The main takeaway is that this work introduces the YMIR dataset of 1,475 clips across Sanaani, Hadhrami, Lahji, Tihami, and Adeni genres, with expert labels showing Fleiss kappa of 0.85, and then benchmarks a custom CNN called YMCM that reaches 98.8% accuracy on Mel-spectrograms while beating AlexNet, VGG16, MobileNet, and a baseline under matched conditions. That dataset fills a clear gap in music information retrieval, where most benchmarks stay with Western or popular styles. The systematic run of 30 experiments across six feature types and five architectures is a practical strength, giving readers concrete comparisons on what works for this audio rather than just one-off results. The collection protocol and consistent preprocessing also make the setup straightforward to understand and build on. The soft spot is the lack of any information on data partitioning. The abstract gives no split ratios, no mention of cross-validation, no per-genre counts, and no steps to keep clips from the same performance or artist out of both train and test sets. With only 1,475 short clips total, this leaves open the real possibility of leakage or overfitting that could push the accuracy numbers higher than true generalization would allow. The claim that YMCM is superior inherits the same uncertainty. This paper is for MIR researchers who want baselines for non-Western or culturally specific music, or for anyone extending genre classification to Arabic traditions. A reader looking for a starting dataset and feature comparisons in that area would get direct value from it. It deserves a serious referee because the dataset contribution is new and the experimental outline is clear enough to review in detail. I would send it to peer review, with the main request being full details on the splits, variance across runs, and whether the data or code will be released.

Referee Report

1 major / 2 minor

Summary. The paper introduces the YMIR dataset of 1,475 audio clips spanning five Yemeni genres (Sanaani, Hadhrami, Lahji, Tihami, Adeni), annotated by five experts with Fleiss' kappa = 0.85. It proposes the YMCM CNN and reports results from 30 experiments comparing feature representations (Mel-spectrograms, Chroma, FilterBank, MFCCs) and architectures (YMCM vs. AlexNet, VGG16, MobileNet, baseline CNN), with YMCM achieving the highest accuracy of 98.8% on Mel-spectrograms.

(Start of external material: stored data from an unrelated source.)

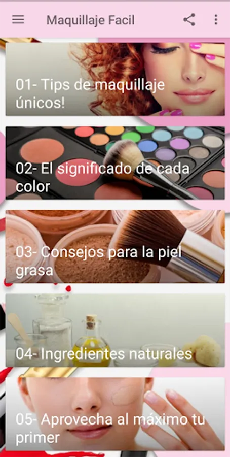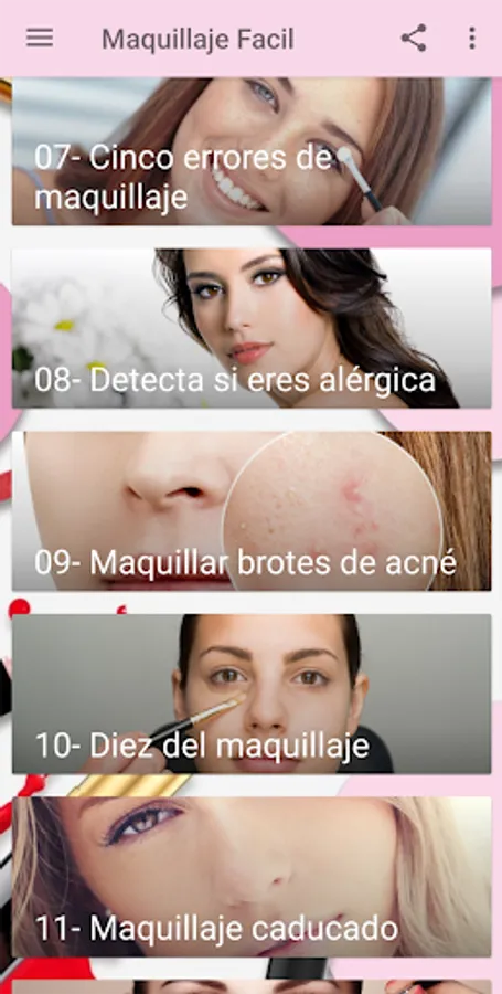 A series of 47 lessons full of illustrations in full color where you can find and learn hundreds of makeup tips that will make you look very pretty at your next event.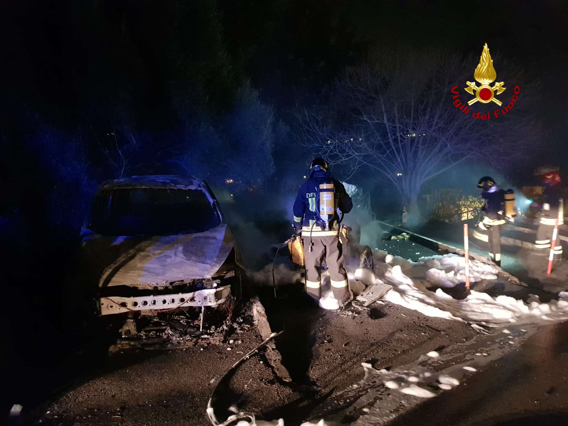 Vigili del fuoco di Genova al lavoro per spegnere incendio auto ad Arenzano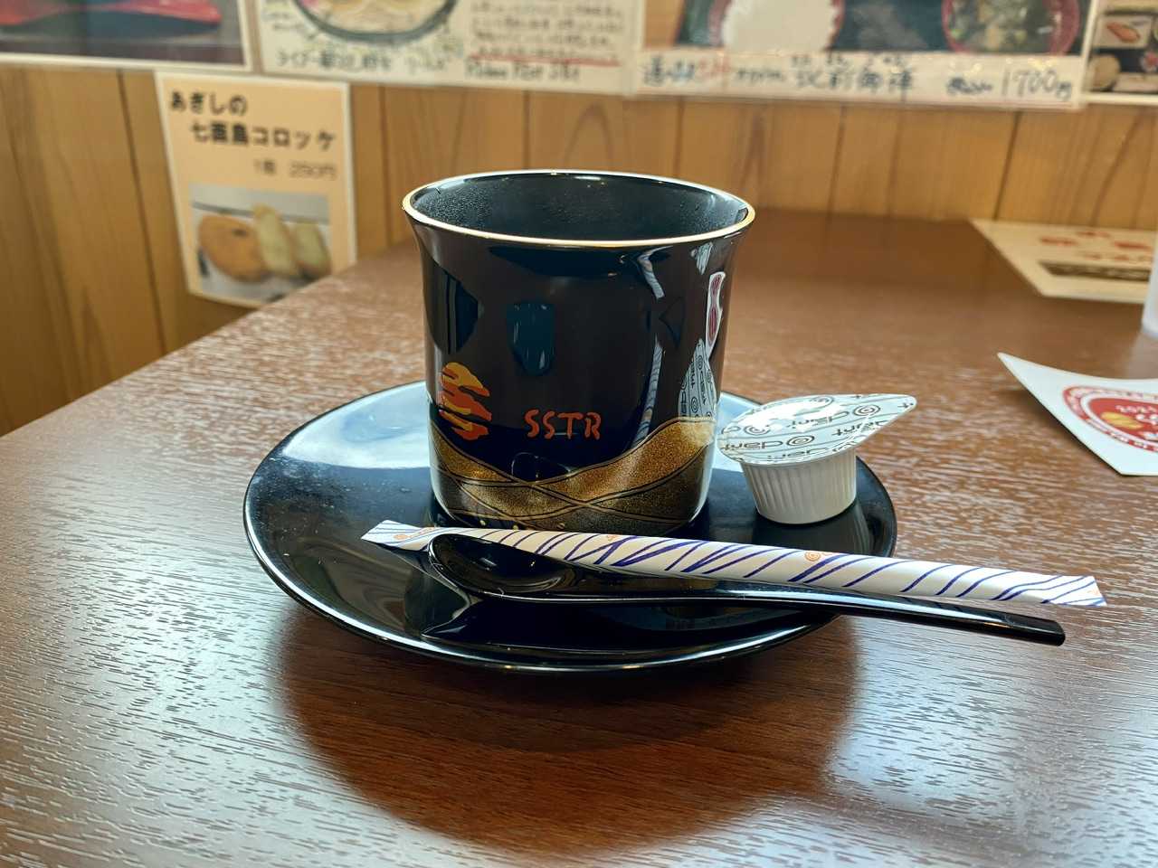 道の駅赤神にて、輪島塗りのコーヒーカップ☕️でコーヒーの無料サービス❤️(SSTRライダー限定)

Significance. If the reported accuracies are shown to reflect generalization rather than leakage, the work provides a valuable new benchmark for underrepresented non-Western music in MIR, supported by strong expert annotation agreement and a systematic multi-feature, multi-model comparison that yields practical insights on feature-model interactions.

major comments (1)

[Abstract and experimental results] Abstract and experimental protocol: the headline claim that YMCM achieves 98.8% accuracy and is superior to AlexNet/VGG16/MobileNet under identical conditions is load-bearing, yet the manuscript supplies no train/test split ratios, source-blocking procedure for clips from the same performance or artist, cross-validation scheme, or variance across repeated runs. On a 1,475-clip corpus this omission prevents verification that the 30 experiments used a truly held-out test set, directly undermining the generalization and comparison results.

minor comments (2)

[Dataset] Dataset section: per-genre clip counts and balance statistics are not reported, making it difficult to assess whether the five-class benchmark is balanced or whether class imbalance could affect the reported accuracies.
[Abstract] The abstract refers to 'six experimental groups' without defining them; a brief enumeration in the methods would improve clarity.

Simulated Author's Rebuttal

1 responses · 0 unresolved

We thank the referee for the detailed and constructive feedback. We agree that the experimental protocol description in the original manuscript was incomplete, which is a significant omission given the importance of verifying generalization and the absence of data leakage. We will revise the manuscript to address this fully.

read point-by-point responses

Referee: [Abstract and experimental results] Abstract and experimental protocol: the headline claim that YMCM achieves 98.8% accuracy and is superior to AlexNet/VGG16/MobileNet under identical conditions is load-bearing, yet the manuscript supplies no train/test split ratios, source-blocking procedure for clips from the same performance or artist, cross-validation scheme, or variance across repeated runs. On a 1,475-clip corpus this omission prevents verification that the 30 experiments used a truly held-out test set, directly undermining the generalization and comparison results.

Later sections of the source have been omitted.